Manage your accounts
This section describes how to manage your accounts.
When you log on to the Privilege Cloud Portal, the Accounts View page is displayed. From this page, you can access information on all of your accounts. You can see:
- Account properties
- Compliance status
- When it was last verified
- Activity history
- Password versions
- Account groups
Managing your accounts includes editing your account details, deleting an account, and verifying, reconciling, or changing your password, as described in this section.
In addition, from this page you can also Add individual accounts manually, Connect to a target device and Retrieve account passwords.
Navigate the account page
To access a specific account, in the Accounts View page, double click the account.
The account page displays a high level summary of account activities and history at a glance.
To display more information about accounts, click Additional details & actions in classic interface.

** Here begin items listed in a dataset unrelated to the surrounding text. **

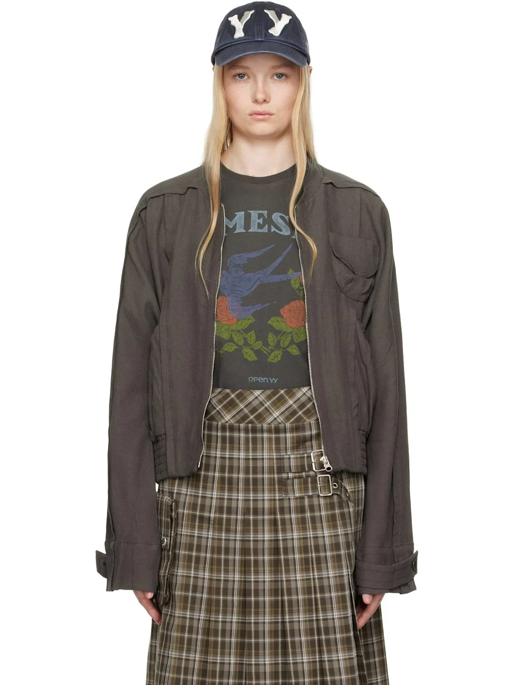 Linen-blend hopsack bomber jacket. · Paneled construction · Stand collar · Zip closure · Patch pocket at chest · Shirred elasticized hem · Elasticized patch pocket at side seams · Adjustable button tab at cuffs Supplier color: Charcoal 55% linen, 23% cotton, 22% rayon. Made in South Korea 251731F063010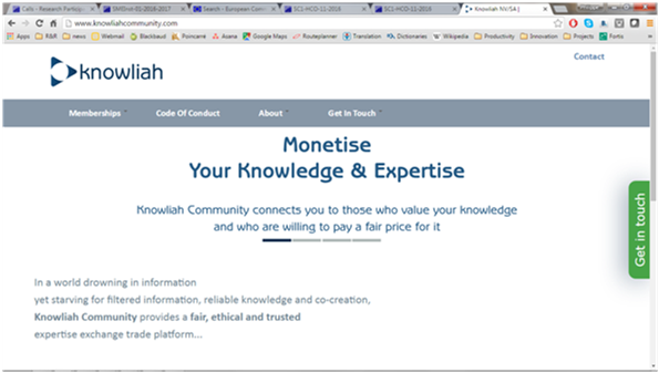 Opportunity: Operate a global online platform that tracks the production and use of knowledge so as to determine the real value of knowledge and hence provide a fair reward to its producers. This platform, called Knowliah Community (previously referred to as CHoKO, using the project's acronym), offers tangible incentives for creativity and innovation, and for sharing ideas with others in the expectation that they may turn them into revenues.
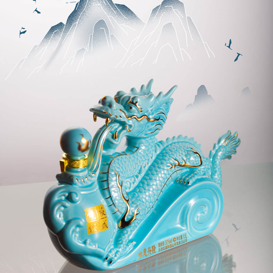 純凈柔和的天青色+典雅的金色,以珍貴的汝窯天青色來(lái)塑造板城龍年生肖酒的珍貴性,收藏性。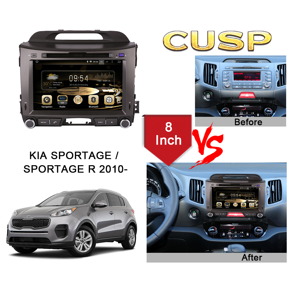 CUSP KIA SPORTAGE /SPORTAGE R 2010- 8 Inch HD IPS Screen Android Car DVD Stereo Radio GPS Navigation Multimedia Player Tablet with Car Play and Android Auto, Bluetooth,FM,AM, RDS, GPS, WIFI, DSP, Audio, Video,Google, Youtube, Play Store, Netflix, Support Rear Camera,in Dash Kit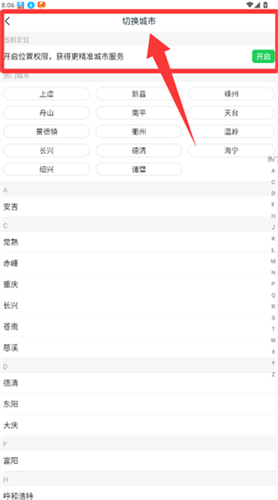 1、在切换城市页面选择目标城市,可授权定位获取精准推荐。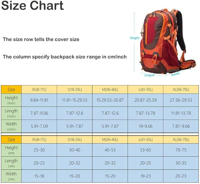 • Multiple Sizes:5 sizes backpack rain covers are optional, fit all types of 8 to 70 L backpacks. Please kindly refer to the size chart before purchasing.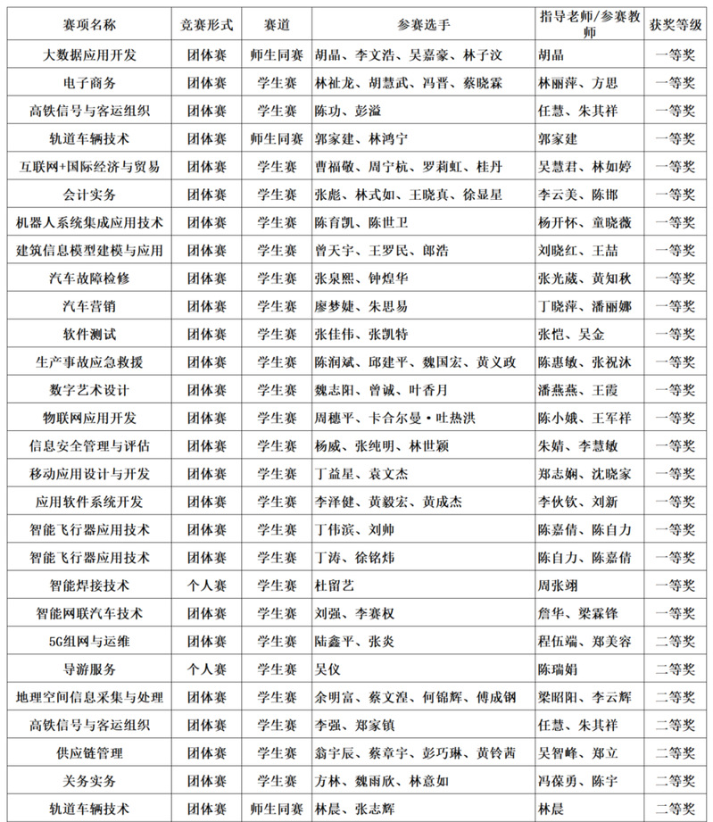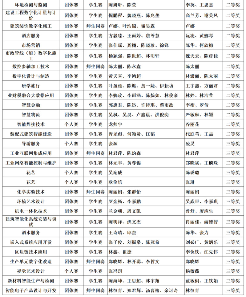 近日,由福建省教育廳、福建省人力資源和社會保障廳等八廳委共同主辦的2024年度福建省職業(yè)院校技能大賽落下序幕,我院派出178名師生組成了69支隊伍,共參加了61個賽項的角逐,共獲一等獎21項、二等獎21項、三等獎16項,其中23個賽項將代表福建省參加國賽。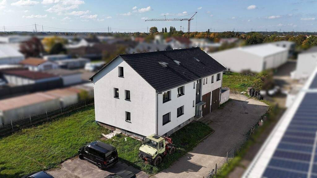 Das Objekt wurde 1963 in Massivbauweise im Gewerbegebiet Ubstadt auf dem 2.154 qm großen Grundstück errichtet, als Büroeinheit im EG und 2 Wohnungen für Aufsichts- und Bereitschaftspersonal bzw. Betriebsinhaber oder Betriebsleiter im OG, sowie eine Garage / Werkstatt mit großen, hohen Toren.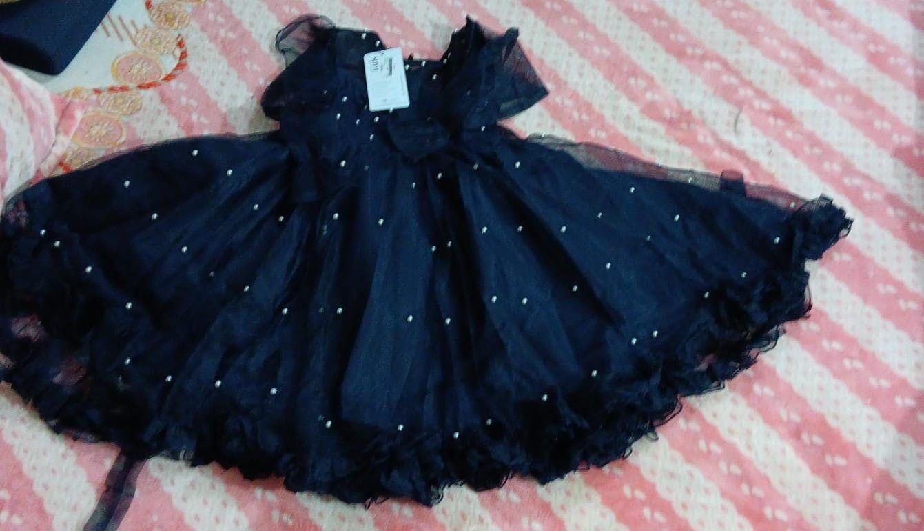 Detailing: A princess frock with a voluminous bottom skirt and pearl embellishments all over the ensemble.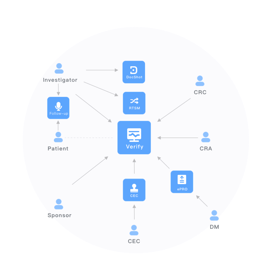 PI、CRC、CRA、PM、DM、CEC... 參與試驗的各個角色均面向系統(tǒng)工作,所有試驗過程均被系統(tǒng)完整的記錄。定制化的開發(fā)滿足了各個角色的工作需要。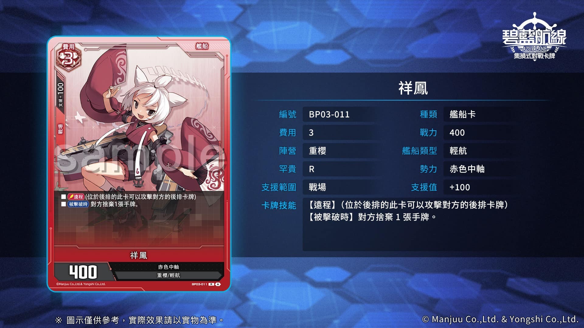 与「SD04-002松风」有著相同战力和类似技能的红色舰船卡,但与松风不同的是,她以手牌的支援范围换取了【远程】技能,这使得她可以在后排给予对手更大威胁。在此前的各类卡组构筑中,似乎都很难接受一张没有手牌支援的低费舰船卡,然而作为〈重樱〉〈轻航〉舰船,或许在【共舞海空】中,会出现能更有效地利用此类卡牌的旗舰哦!?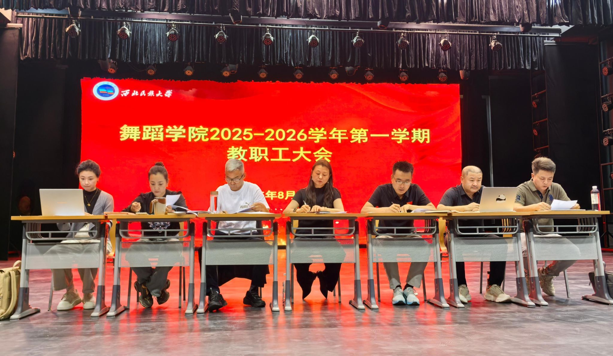 學院黨委副書記、院長李琦全面總結了學院暑期工作成果,充分肯定了全體教職工的辛勤付出和取得的優異成績,并對本學期的重點工作進行了安排和強調。李琦強調,本學期是“十四五”規劃收官和“十五五”規劃謀篇布局的關鍵時期,全體教職工要以鑄牢中華民族共同體意識為主線,落實立德樹人根本任務,聚焦教學質量核心,緊跟數字時代步伐,與時俱進,深化教育教學創新,積極參與學科建設、課程改革與藝術實踐,不斷提高自身教育教學水平,要求全體教職工不斷凝聚共識、形成合力,以飽滿的熱情投入新學期工作,以更好的面貌迎接學校第七次黨代會和西北民族大學建校75周年。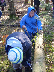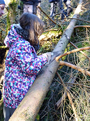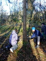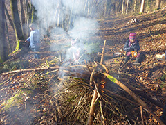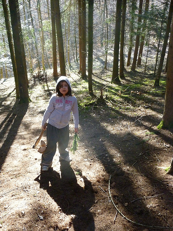 Die Drittklässler von der Magdalenenschule sind mit ihrer Klassenlehrerin Dorothee Raiser jetzt den zweiten Tag im Wald. Am ersten Tag, schon vergangene Woche, haben sie die drei Fichten gefällt, unter Anleitung und mit Hilfe eines Lehrers, der zufällig auch Forstingenieur ist. Mit Sägen und Äxten haben sie die Stämme entastet. Das Kleinholz haben sie als Brennmaterial zur Schule geschafft." Das hat sie richtig an ihre Grenzen gebracht", erzählt Lehrerin Dorothee Raiser.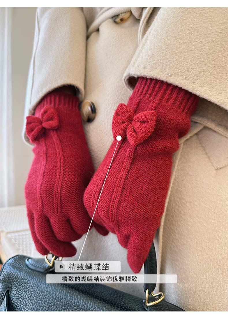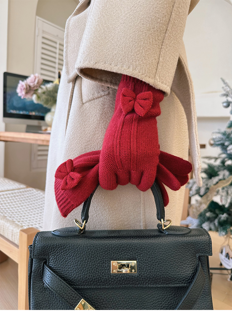 가을과 겨울에 휴대 전화를 가지고 노는 양모 활 양모 장갑을 포함하는 빨간 니트 따뜻한 장갑스토어 가기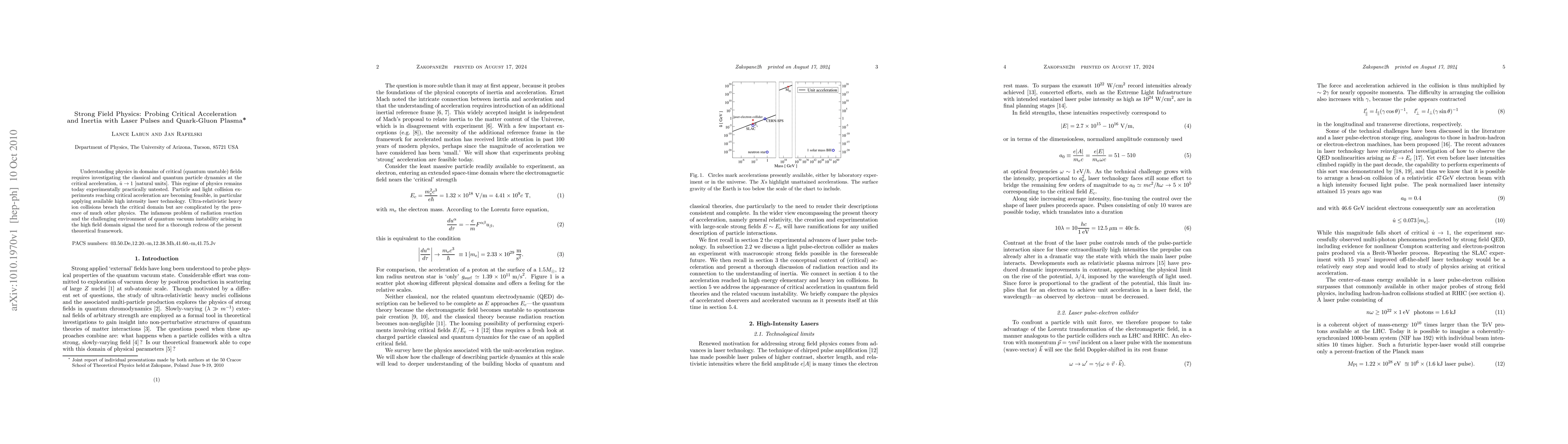 Understanding physics in domains of critical (quantum unstable) fields requires investigating the classical and quantum particle dynamics at the critical acceleration, $\dot u \to 1$ [natural units]. This regime of physics remains today experimentally practically untested. Particle and light collision experiments reaching critical acceleration are becoming feasible, in particular applying available high intensity laser technology. Ultra-relativistic heavy ion collisions breach the critical domain but are complicated by the presence of much other physics. The infamous problem of radiation reaction and the challenging environment of quantum vacuum instability arising in the high field domain signal the need for a thorough redress of the present theoretical framework.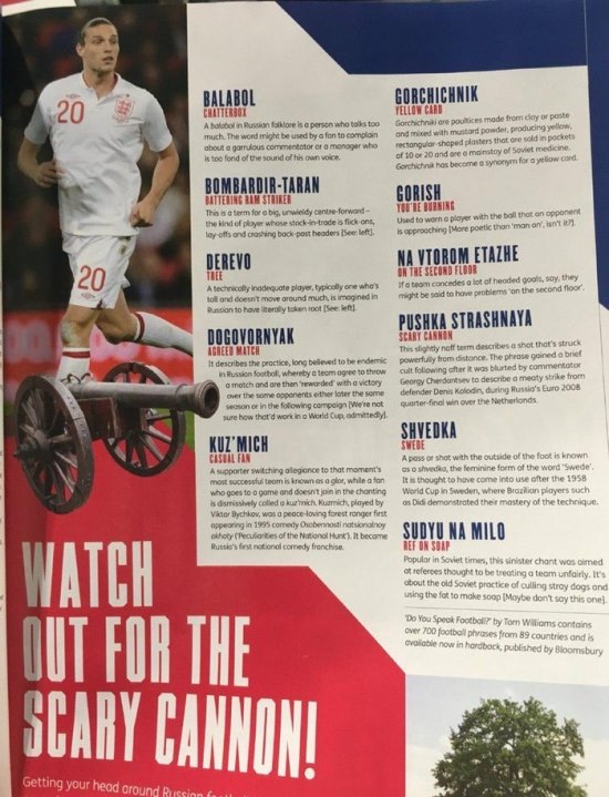 Британские СМИ выпустили такой вот перечень некоторых футбольных выражений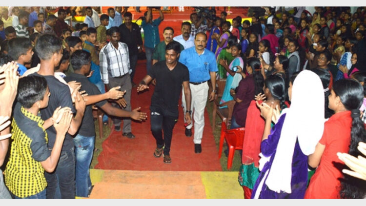 എസ്പിസി സംസ്ഥാനതല സമ്മര്‍ക്യാമ്പില്‍ എത്തിയ ഇന്ത്യന്‍ ക്രിക്കറ്റ് താരം സഞ്ചു സാംസണിന് കേഡറ്റുകള്‍ കൈകൊടുക്കുന്നു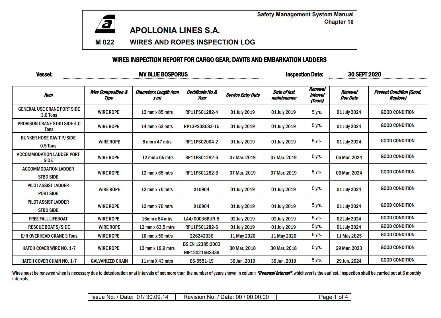 Apollonia Lines S.A. avait dans son SGS une section sur l’entretien, la maintenance et les essais des embarcations de sauvetage, des engins de mise à l’eau et des dispositifs de largage en charge. On y trouvait des listes de contrôle génériques pour les routines d’entretien à effectuer chaque semaine, chaque mois, chaque trimestre, chaque semestre, chaque année et tous les 5 ans. Les listes de contrôle pour les routines d’entretien planifié étaient effectuées en fonction des besoins par l’équipage du navire et le personnel à terre sur le Blue Bosporus. À l’exception de la liste de contrôle semestrielle, qui comprenait un point exigeant la vérification de tous les câbles et cordages de l’embarcation de sauvetage, aucune des listes de contrôle de l’entretien planifié ne demandait expressément à l’équipage de vérifier l’état des élingues.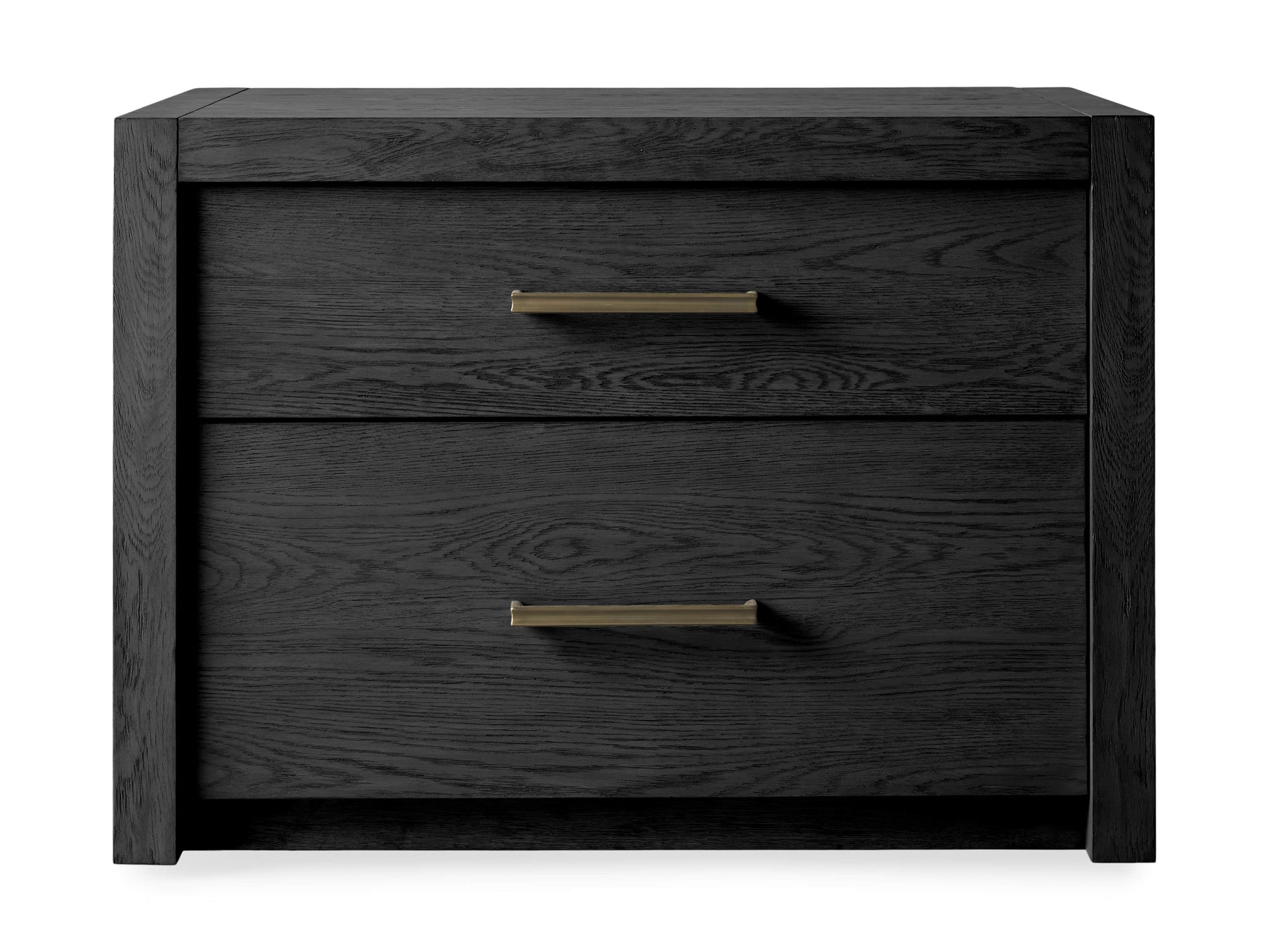 - Drawers are complemented by brass pulls.
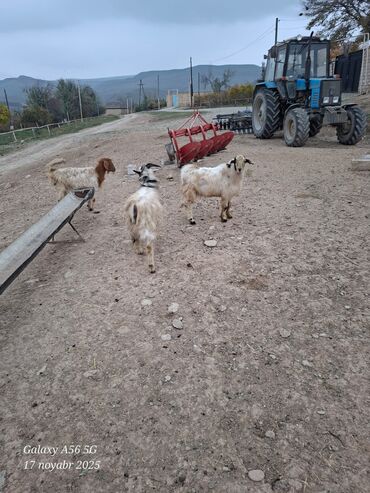 Satılır: keçilər - Say: 3 baş - Növ: yerli dağ keçisi tipli (uzun tüklü) - Rəng: ağ-qəhvəyi qarışıq, biri qırmızı başlı - Cinsiyyət: şəkillərdə erkək fərdlər görünür - Xüsusiyyətlər: sərt iqlimə d...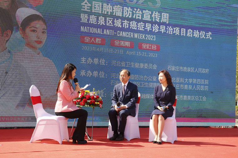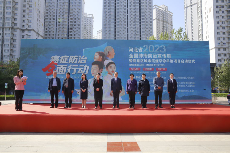 为提高全社会癌症防控意识,营造全民防癌抗癌的良好氛围,4月16日,河北省2023全国肿瘤防治宣传周走进社区暨鹿泉区城市癌症早诊早治项目启动仪式在市政广场举行,主题是“癌症防治、全面行动——全人群、全周期、全社会”。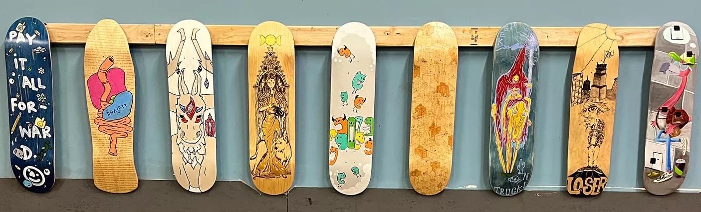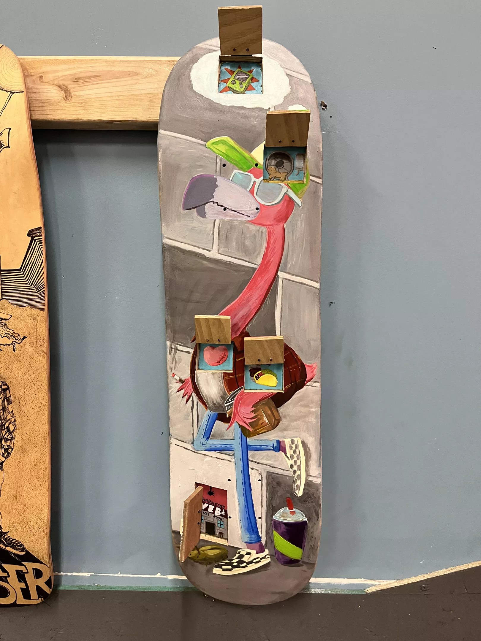 When Denver artist and skater Kyle Garlock found himself with a pile of trashed skateboard decks at the beginning of last year, an idea was born: Rather than let the chipped and cracked boards go to the landfill, why not repurpose them into canvases for artists to experiment with?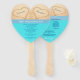Corações no leque de mão do programa da cerimônia de casamento na praia
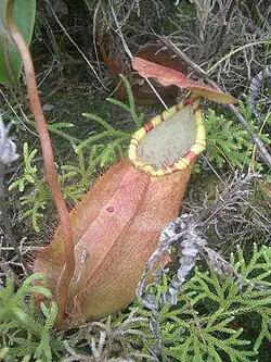 Lower pitchers are wholly ovoid, with the hip located just below the peristome. They grow to 20 cm high and 10 cm wide, and possess a pair of fringed wings up to 6 mm wide. The peristome is cylindrical in cross-section and up to 10 mm wide. The lid is orbiculate and, as in rosette pitchers, bears an unbranched spur.[7]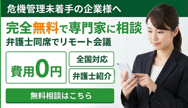 危機の被害を最小化させる「危機管理マニュアル」の整備は、最低限のリスクマネジメントであり、企業には不可欠です。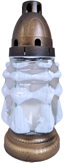 Świąteczny Akcent: Na froncie znicza widoczne jest subtelne wytłoczenie lub zdobienie w kształcie gwiazdy, które podkreśla świąteczny charakter lampionu.

The account page displays the following panes:
A high level summary of account compliance and activities.
|
Display |
Description |
|---|---|
|
Compliance status |
A visual representation that indicates whether the selected account is compliant with the Master Policy and the password policy. |
|
Last verified |
A visual representation that shows when the account was last verified. |
|
Activities |
The last 5 account activities. Click any activity to display more details in the Activities tab. |
|
Dependencies |
The total number of dependent accounts and their status of compliance. |
|
Last access |
Details about when this account was last accessed. |
|
Status |
A set of messages that indicate the CPM status of the account. |
A high level summary of account details.
|
Display |
Description |
|---|---|
|
Account properties |
All the specified account properties. |
|
A list of the accounts that are linked to this account, such as logon account, verification account, and reconcile account. You can link and unlink accounts in the Account Details tab. |
|
|
Account group |
The name and platform of the account group to which this account belongs. Click the account group name to display all the accounts that belong to the group. You can navigate to a different account in the group by clicking the link. |
To link an account:
-
Select the main account that you want to link to, and click the Details tab.
-
Under Linked Accounts, click the Ellipsis button for the type of account that you want to link to the main account - Reconcile, Logon, or other accounts defined in the Platform configuration - and then select Link.
-
Select the relevant account from the list, and click OK.
To unlink an account:
-
Select the relevant account, and click the Details tab.
-
Under Linked Accounts, click the Ellipsis button for the account that you want to unlink, and select Unlink.
-
Click OK to confirm that you want to unlink the account.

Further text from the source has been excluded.